Flexible Budgeting and Variance Analysis

Belgian Chocolate Company makes dark chocolate and light chocolate. Both products require cocoa and sugar. The following planning information has been made available:

Standard Amount per Case
Dark Chocolate Light Chocolate Standard Price per Pound
Cocoa 11 lbs. 8 lbs. $4.2
Sugar 9 lbs. 13 lbs. 0.6
Standard labor time 0.4 hr. 0.5 hr.

Dark Chocolate Light Chocolate
Planned production 3,900 cases 11,100 cases
Standard labor rate $16 per hr. $16 per hr.

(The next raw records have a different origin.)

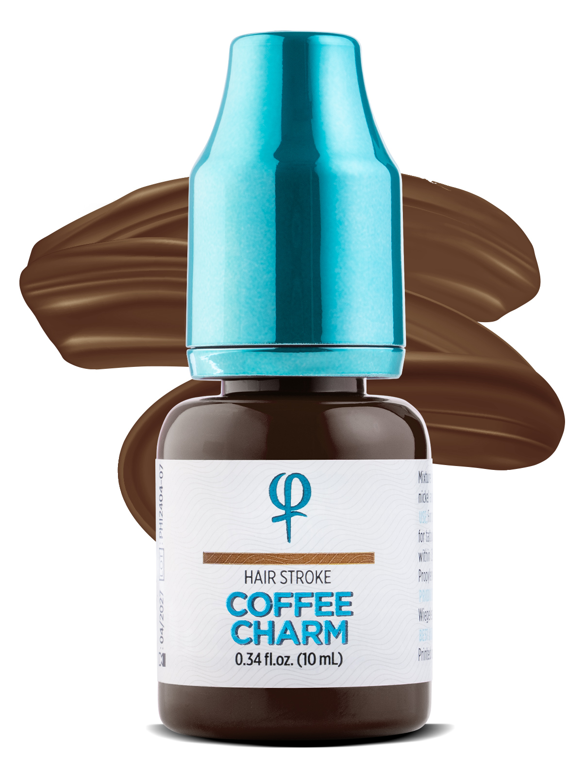 • Inorganic Elements – for a Natural Appearance – ensure seamless integration into the skin for a natural effect. The inorganic base of Coffee Charm ensures that the finished PMU-look closely resembles natural eyebrow coloration. It’s specifically designed for clients wanting a subtle yet enhanced appearance.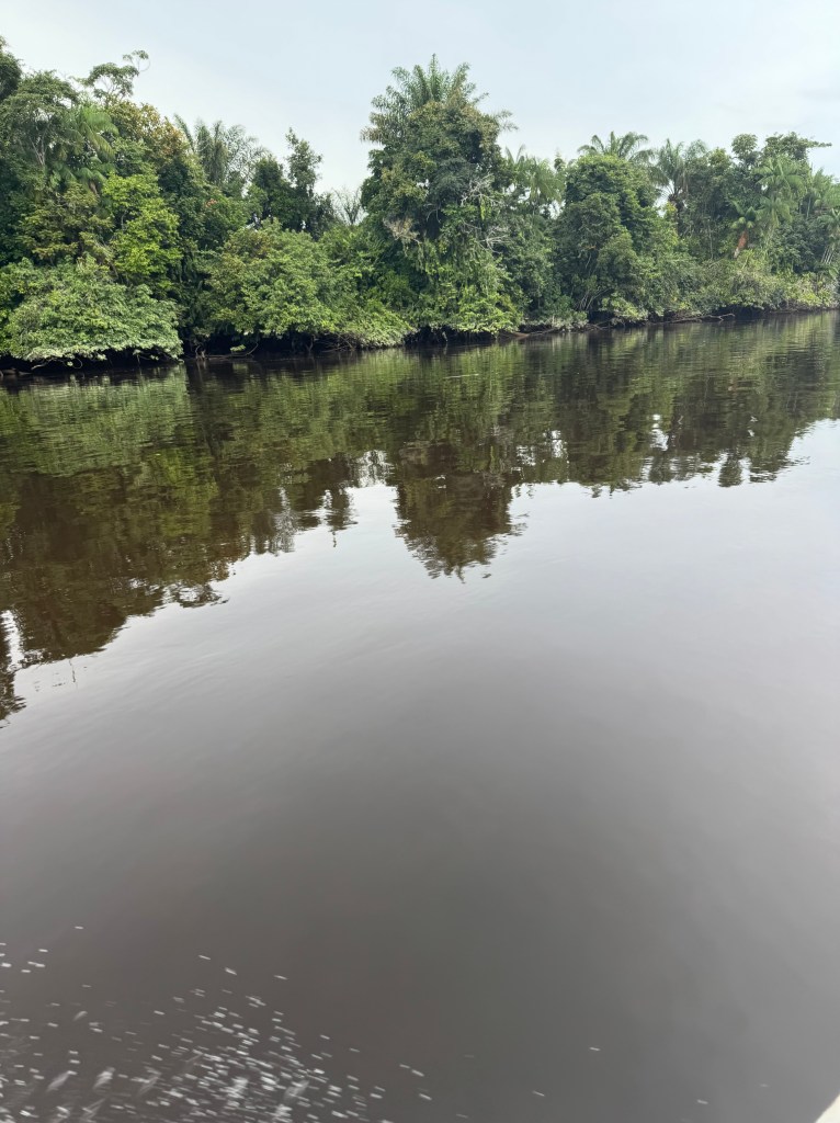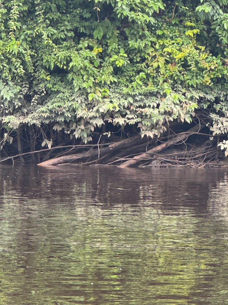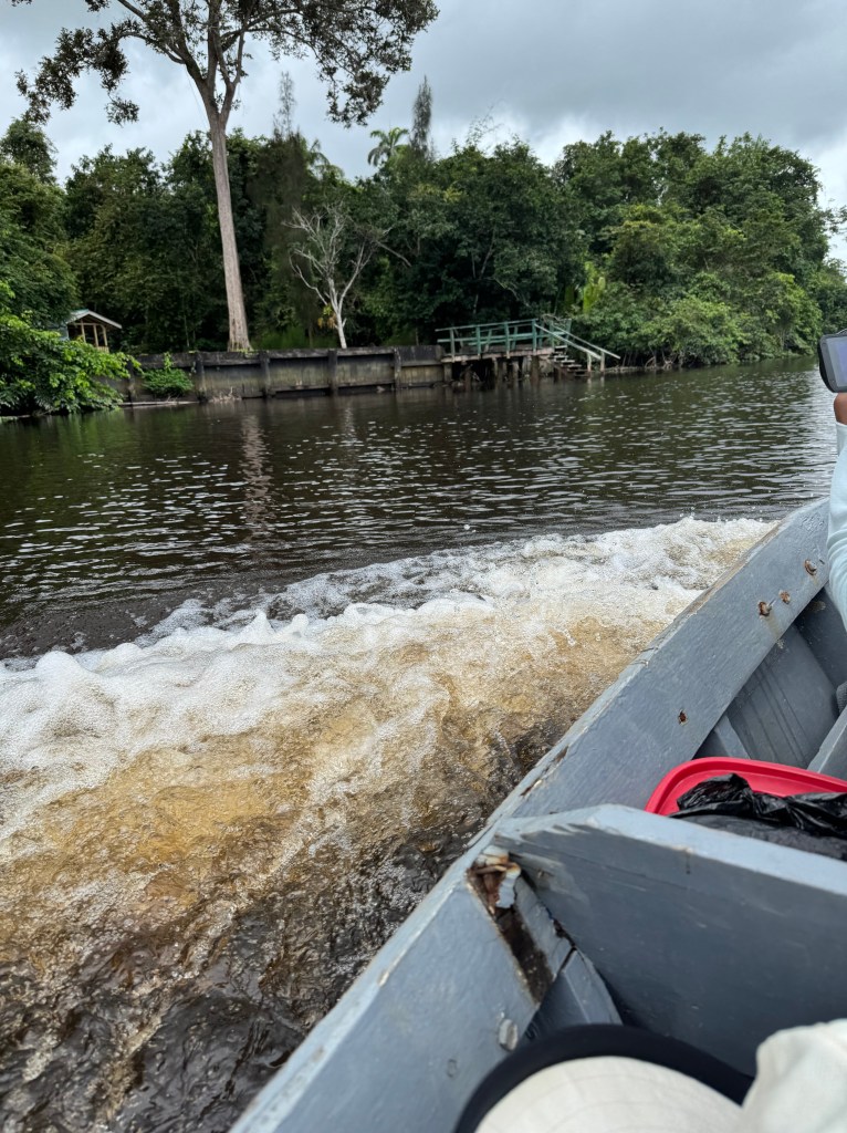 Shielded, as if in the recovery position, arms around my head which was bent towards my knees, I envisioned the Dutch tall ships under sail or rowed by enslaved oarsmen navigating these brown/red waters. Relieved to be living in another century, in another time in history albeit with its own threats, our small craft slowed and turn into a wooden jetty, its steps sunk low into the river, white bubbles and clear spray, reminiscent of coca cola poured on ice in a tall glass.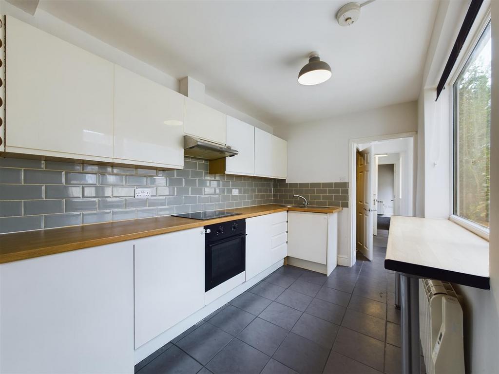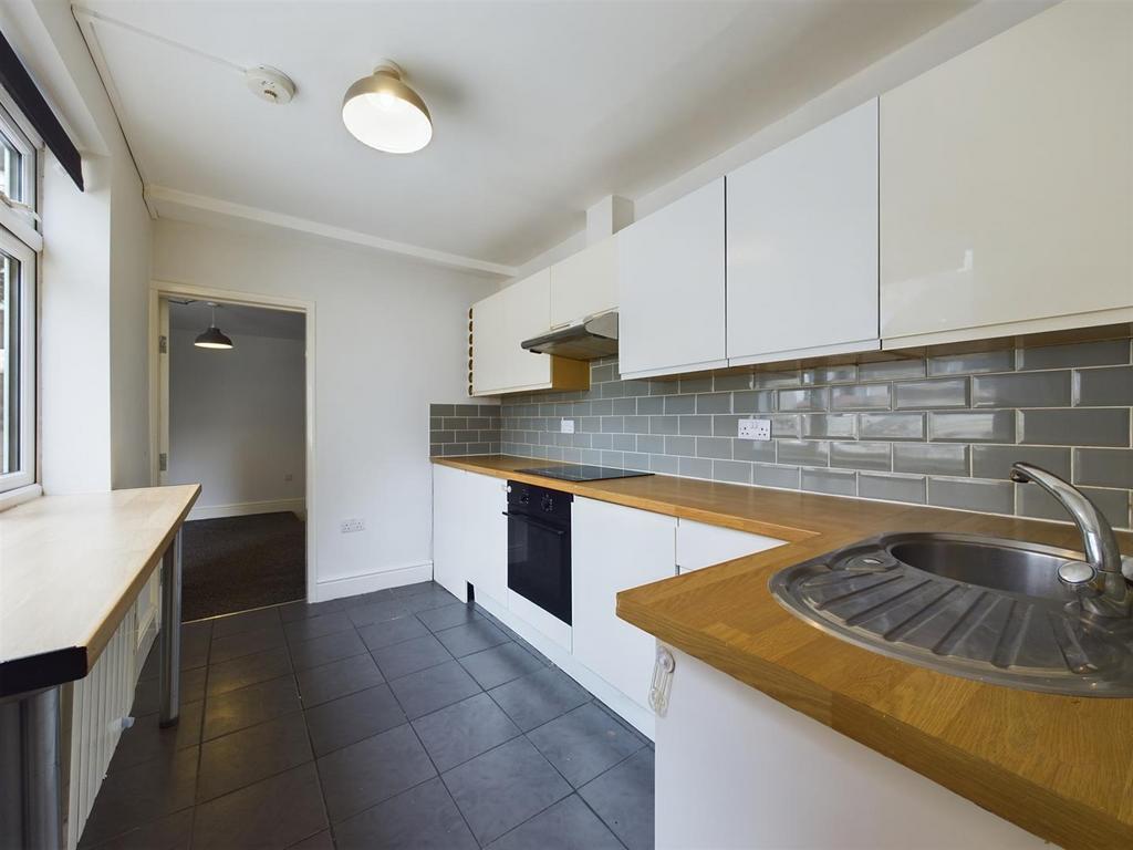 Kitchen - 3.525 x 2.213 (11'6" x 7'3") - Base and eye level units with roll edge work surfaces, tiled splash backs and an inset stainless steel sink and drainer. Fitted oven, hob with extractor over, space for a fridge freezer. Tiled flooring, PVC side window, electric radiator and a light fitting.
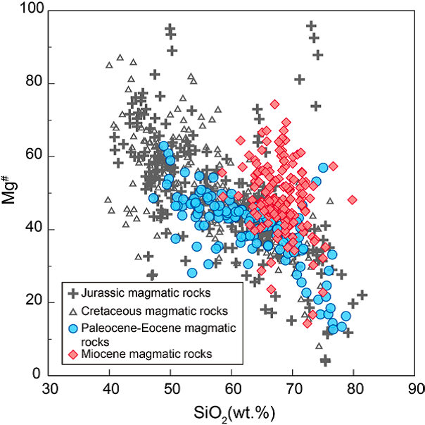 图4 冈底斯侏罗纪、白垩纪、古-始新世以及中新世岩浆Mg#-SiO2关系图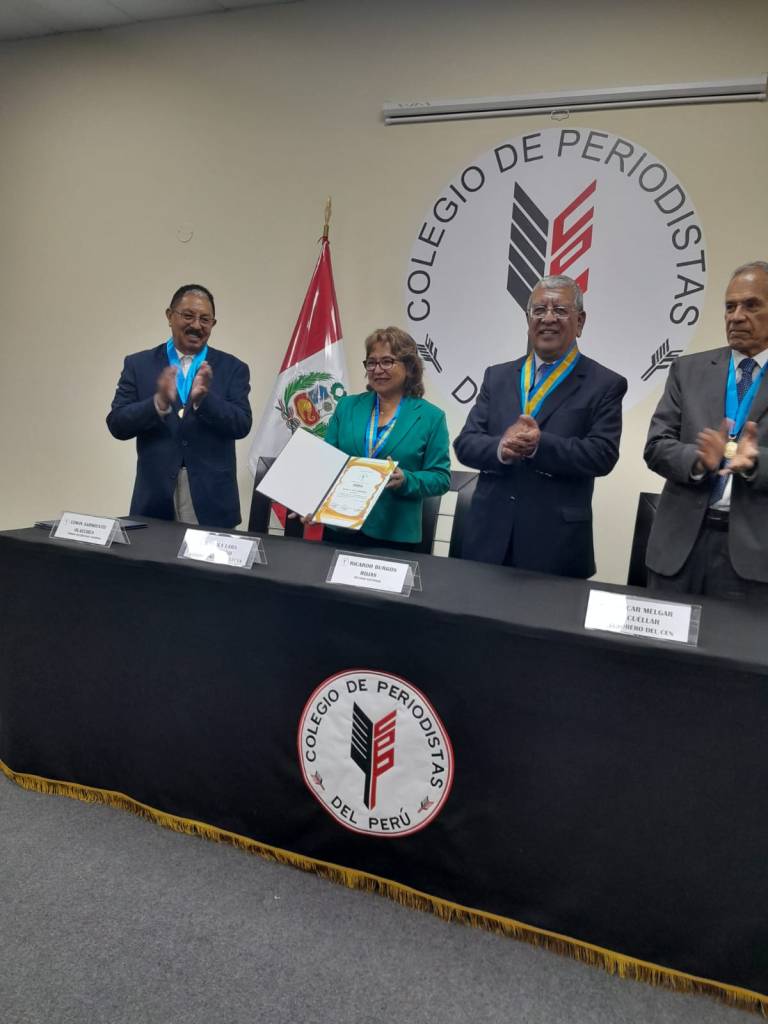 La periodista Karola Lara Manchego, recibe su credencial como nueva decana nacional del Colegio de Periodistas del Perú.

Belgian Chocolate does not expect there to be any beginning or ending inventories of cocoa or sugar. At the end of the budget year, Belgian Chocolate had the following actual results:

Dark Chocolate Light Chocolate
Actual production (cases) 3,700 11,500
Actual Price per Pound Actual Pounds Purchased and Used
Cocoa $4.3 133,400
Sugar 0.55 178,200
Actual Labor Rate Actual Labor Hours Used
Dark chocolate $15.7 per hr. 1,350
Light chocolate 16.3 per hr. 5,890

Required:

Prepare the following variance analyses for both chocolates and total, based on the actual results and production levels at the end of the budget year:

Direct materials price variance, direct materials quantity variance, and total variance.

Direct labor rate variance, direct labor time variance, and total variance.

Enter a favorable variance as a negative number using a minus sign and an unfavorable variance as a positive number. If there is no variance, enter a zero.

a. Direct materials price variance $
Direct materials quantity variance $
Total direct materials cost variance $
b. Direct labor rate variance $
Direct labor time variance $
Total direct labor cost variance $

2. The variance analyses should be based on the_________ amounts at__________ volumes. The budget must flex with the volume changes. If the_______ volume is different from the planned volume, as it was in this case, then the budget used for performance evaluation should reflect the change in direct materials and direct labor that will be required for the_______ production. In this way, spending from volume changes can be separated from efficiency and price variances.